While reputable names, five-star service, and popular locations reassure buyers that their investment will be safe, there are other options to consider before delving in to this popular real estate hybrid.
- Determine the state of the market. Before you invest, investigate the area’s convention and visitor bureau’s statistics to check on year-round occupancy rates and average hotel room rates during high and low seasons. Miami Beach houses more tourists (39 percent) than any other area in Miami-Dade County and boasts an 82 percent occupancy rate and an average hotel room rate of $212. Despite the positives, condo hotels can appreciate or depreciate based on the same market factors that effect hotel and residential condo values — everything from a dip in the tourism industry to a slowdown of business travel to natural disasters.
- Think about how you plan to use the property. Some condo hotels require up to a year’s notice to book time for popular weeks such as Christmas vacation, while others have blackout dates and do not allow owners to use their property during prime weeks. The amount of time an owner can spend in the unit is also limited in some cases.
- Don’t expect to cover the mortgage. A hotel condo should be viewed as a vacation home first, and should not be considered an investment that will deliver big returns from the rental income. To determine the income potential, ask about the hotel’s year-round occupancy rates and find what your unit rents for during high and low seasons. Add up maintenance costs and determine how often the hotel operator divvies up the profits (usually a 50-50 split). Also, find out if the income is put in a pool or if reservations are rotated or booked based on location and size of the unit.

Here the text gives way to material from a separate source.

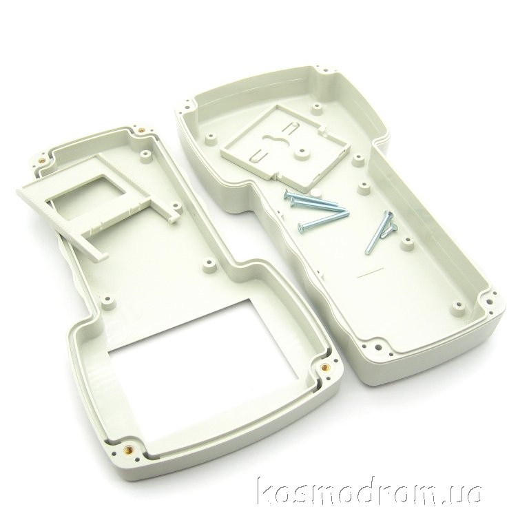 Фото может отличаться от реального вида предмета, но это не влияет на основные характеристики изделия | Корпус G828G(O) пластиковый корпус светло-серого цвета, ABS пластик. Размеры: по длине 110мм, по ширине 210мм и по высоте 40.5мм. Вырез под дисплей. На внутренней поверхности стойки для горизонтального размещения печатных плат.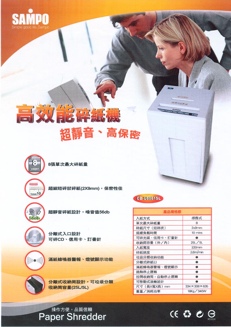 SAMPO聲寶 CB-U8081SL 碎紙機

- Make sure you like the property’s style. Condo hotel units come furnished and do not allow you to make changes to the room or have a say in the decor of common areas. To determine if the hotel suits your lifestyle, spend some time there before you buy or if you purchase preconstruction, determine what type of buyer the property is aiming to attract — will they cater to families, singles, or corporate outings? Ask about the proposed star ratings, planned restaurants, and amenities. In some cases, owners receive perks that regular hotel guests are not privy to, such as after-hour spa access, priority tee times, or discounts and privileges at sister properties.
- Investigate the developer and management company. Find out what other projects they have done and if these projects have been successful. Find out who is responsible for capital improvements and upgrades to your unit and the amenities.